I hope I have convinced you to store your files on the filesystem, whether for performance or for ease of scaling. If you do, the world will be a better place.


Actions

Informations

5 responses to “How to handle uploaded files”

David Bock (14:19:18) :

Agree totally! Files don’t belong in a database. Most of the time, files just belong in the filesystem. You can store any meta info on the file you need in a record in the database, along with the path to the file. If you find you need something ‘extra’, like versioning of files, then stand up a CVS or Subversion server to dump the files into. I have done this from Java, but haven’t done it from rails yet.

Kevin Teague (20:41:23) :

The flip side to this is if you are trying to store many different types of files, or you don’t have high traffic or really large file sets. Here the database makes a lot of sense, because all your data is in one place. Your code is a lot simpler and your sys admin needs are reduced. If the integrity of your data is important, it can also give you good peace of mind to have all your data handled through transactions.
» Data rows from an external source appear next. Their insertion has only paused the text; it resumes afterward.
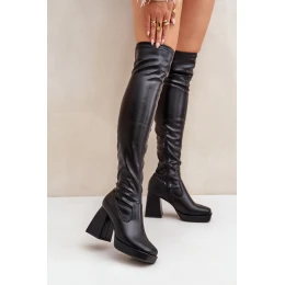 Přiléhavé dámské kozačky vyrobené z eko kůže, které dokonale zvýrazňují nohy. Usazené na stabilním sloupkovém podpatku, zajišťují eleganci a pohodlí. Svršek sahající nad koleno dodává šarm, zatímco čtvercové špičky dodávají moderní charakter. Model je bez zapínání, s dalším zipem, který usnadňuje obouvání. Stylové a ženské, skvělé pro různé příležitosti. Při výběru velikosti se řiďte tabulkou velikostí.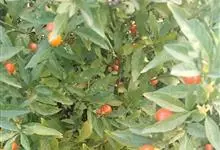 珊瑚樱是茄科茄属植物。株高达2米;植株无毛;叶窄长圆形或披针形,长1-6厘米,基部窄楔形下延,全缘或波状,侧脉4-7对;叶柄长2-5毫米;花单生,稀双生或成短总状花序与叶对生或腋外生,…全部>>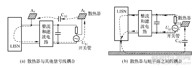 散熱器面積一般較大,容易與PCB中的信號線、器件、電源線、地平面等形成較大的寄生電容,從而成為傳導騷擾的關鍵路徑。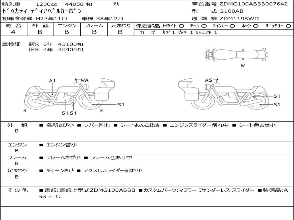 | Номер рамы / VIN | ZDMG100ABBB007642 |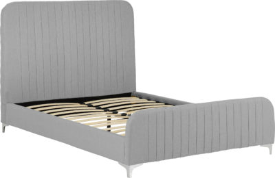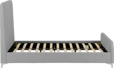 Hampton 4.6 bed frame finished in light grey fabric, with sprung slats and extra support legs ,mattress extra, self assembly. 1480 x 2110 x 1250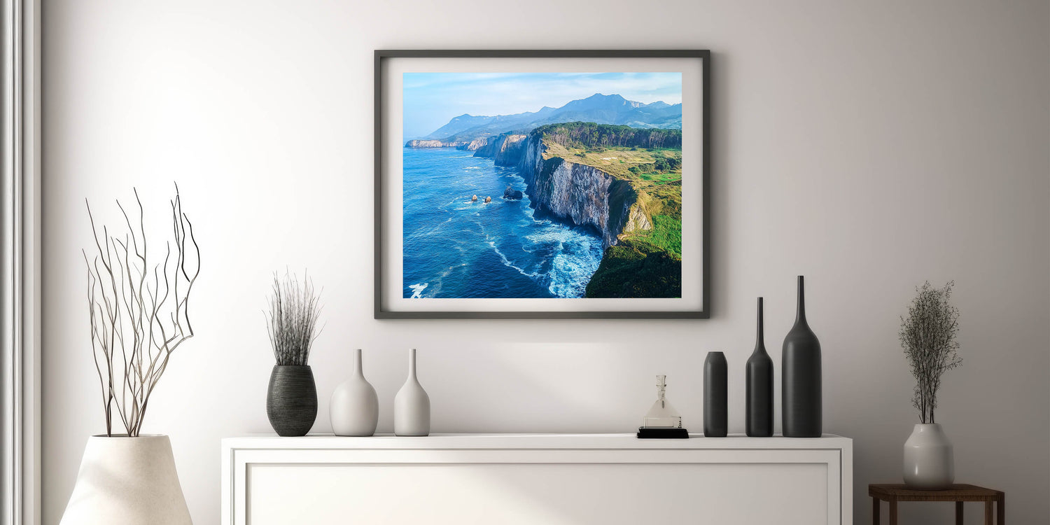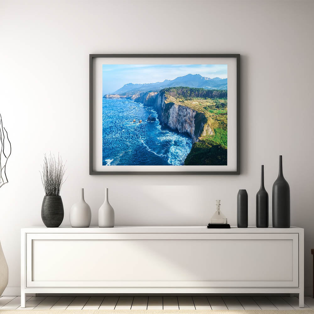 This beautiful cliffs art showcases the stunning balance of natural cliffs photography with the energetic beauty of ocean waves. Whether used as a centerpiece or a calming backdrop, this decorative cliffs print enhances any space with timeless charm and tranquility. Elevate your decor with this breathtaking scene today.
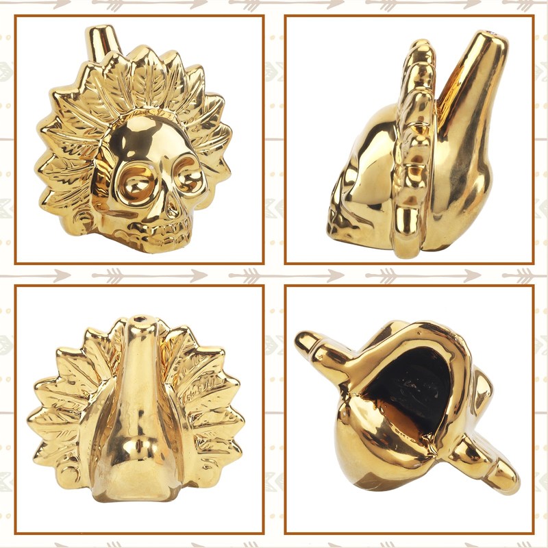 BOXOB Screaming Aztec Death Whistle, 125 Decibels, Loudest Authentic Human Sounding Screams, Skull, Aztec War Whistle with Bag, Drawstring, Collectable Halloween Gift (Gold)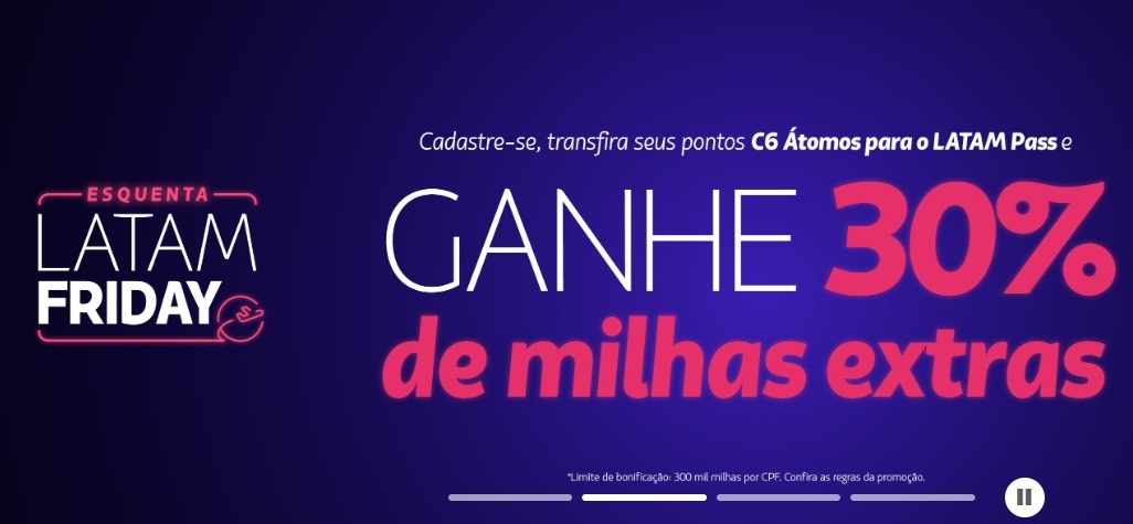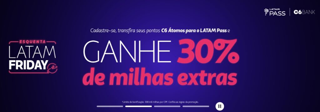 • Importante: Ative a promoção antes de transferir seus C6 Átomos para garantir as milhas bônus.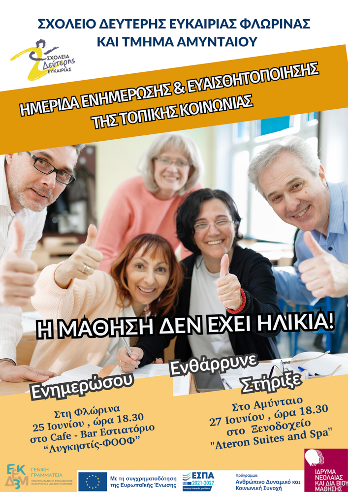 2025 και ώρα 18:30, στη Φλώρινα, στο Café Bar-Εστιατόριο « Λυγκηστίς-Φ.Ο.Ο.Φ.» και στις 27 Ιουνίου 2025 και ώρα 18:30, στο Αμύνταιο, σε αίθουσα του ξενοδοχείου «Ateron Suites and Spa», με στόχο την ενημέρωση και ευαισθητοποίηση της τοπικής κοινωνίας για το έργο και την αξία των Σχολείων Δεύτερης Ευκαιρίας (ΣΔΕ).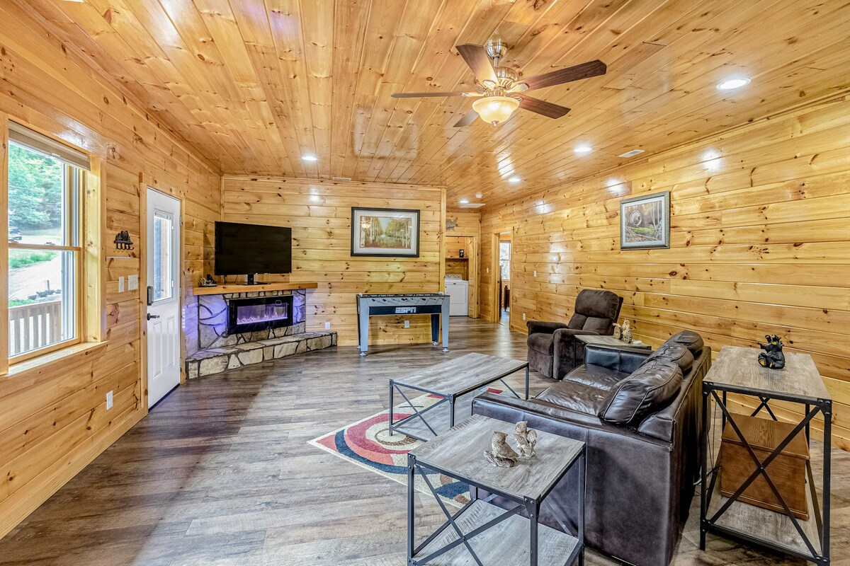 Inside, you'll be surrounded by a rustic, yet charming atmosphere. Let your friends unwind and rest after a fun-filled day and treat them to delicious meals or snacks prepared in the fully-equipped kitchen. There, you'll find incredible stainless steel appliances, including a French door fridge, dishwasher, Keurig and regular coffee makers, microwave, and more! The kitchen includes a convenient dining table in case it's too chilly to dine outdoors.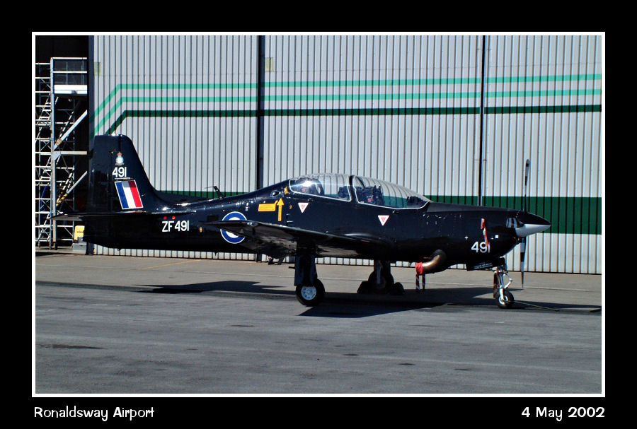 RAF Tucano ZF491 parked outside the Manx Airlines hangers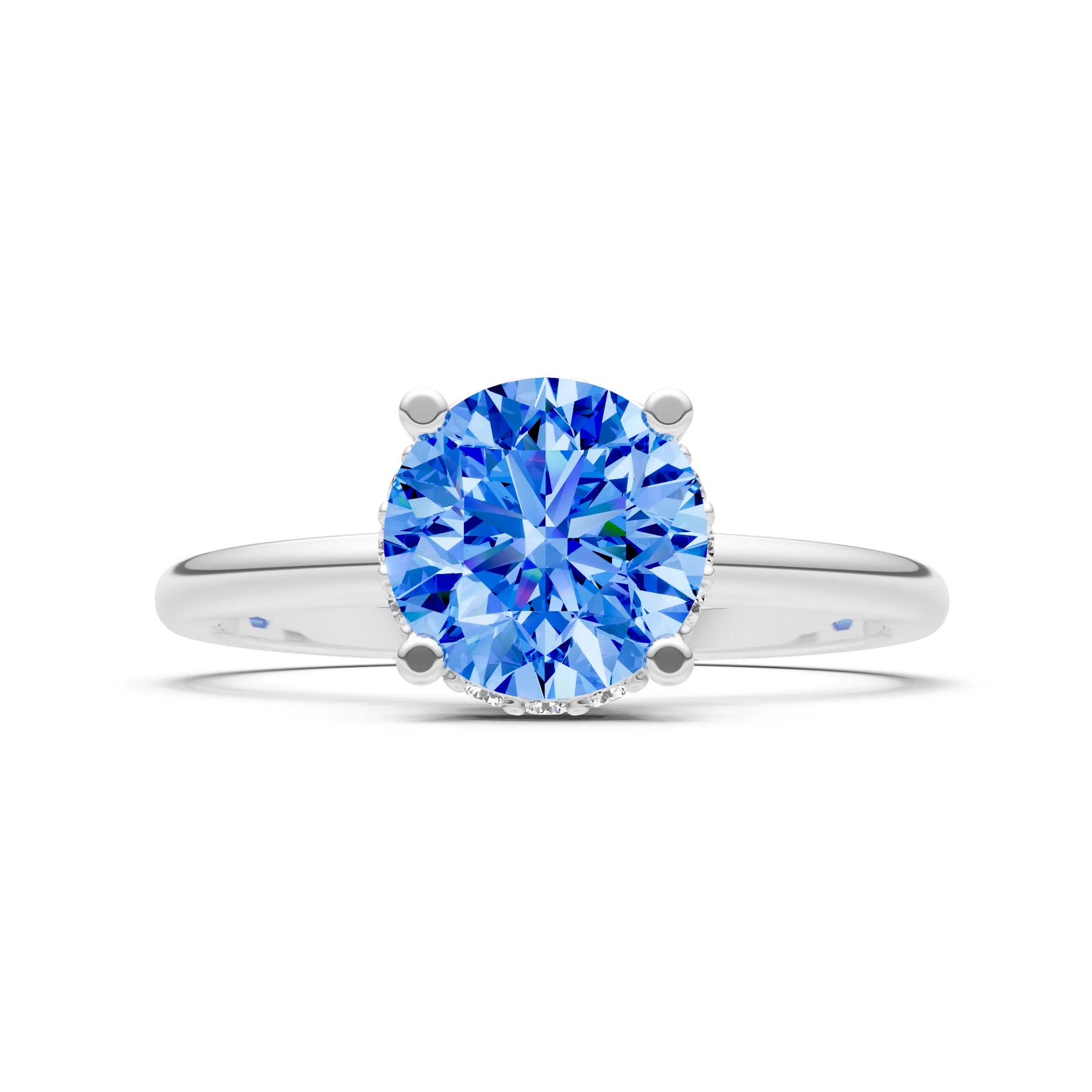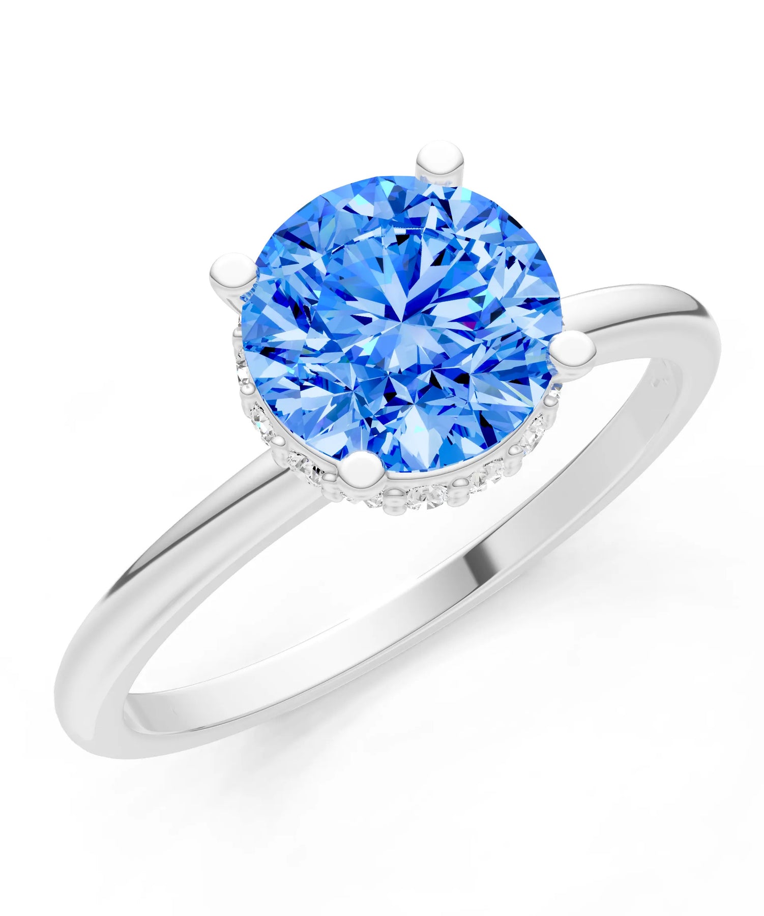 Swiss Blue Topaz Round Shape Hidden Double Halo Engagement Ring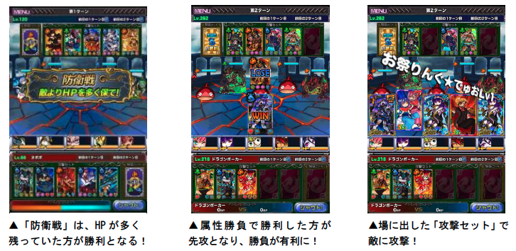 バトルは、基本的に3ターンで決着をつけます。「殲滅戦」と「防衛戦」に関しては、3ターンで決着がつかなかった場合(全て引き分け、またはBPが同じだった場合)、勝利条件を満たすまでバトルを行なうサドンデスモードに入ります。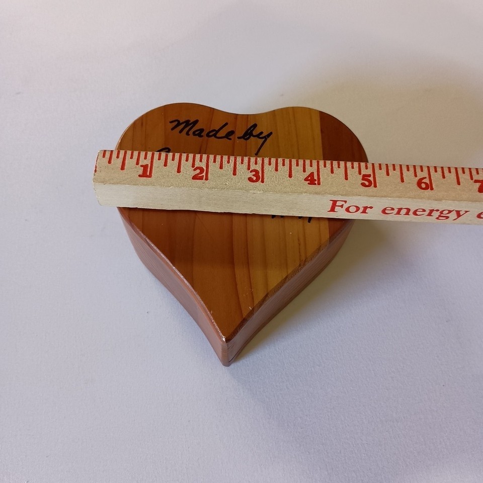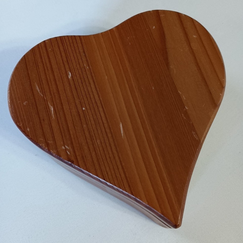 - Vintage Handmade Wooden Pivot Lid Heart Shaped Trinket Box 5” Signed 1991

In some organziations there can be a gap between those who manage the filesystems and the databases, and the application developers who write the code. Using a hybrid approach can leads to systems where a portion of your data set is one day just ‘gone’.

Tramline (http://www.infrae.com/products/tramline) takes an interesting approach to the files-on-the-filesystem solution in that intercepts the files with Apache, handles file storage from there, and fakes out the file sent to the app server with a simple tramline id. Quite useful if you originally design a system to store data in the database and only later realize your blunder when performance grinds to a halt.

Database replication can be a PITA with most open source relational databases, but there are systems that are trivial to do replication with. ZEO scales the Zope object database very easily (this isn’t a relational database though). This isn’t full replication, but simply caching subsets of the data on client servers as it’s accessed, which isn’t going to work for all problems … and the ZODB still sucks at large BLOB support.

ben (07:08:06) :

I’m thinking of keeping images and uploaded files in Amazon’s S3. SmugMug’s blog had an interesting write up on using S3 http://blogs.smugmug.com/onethumb/2006/11/10/amazon-s3-show-me-the-money/

Seems like it’d take the load off the server without the bother of setting up an asset server for each new project as well.

Benj (19:55:17) :

That smugmug/S3 article was a great read, thanks for that gem!

Ben (06:02:30) :

I recently started using S3 at work, following the tips outlined here: http://blog.eberly.org/2006/10/09/how-automate-your-backup-to-amazon-s3-using-s3sync/

Basically, you can just replace rsync with s3sync and be off to the races. :) When you combine that with being able to point one of your domain hosts via CNAME to S3, it’s an easy way to offload your asset traffic.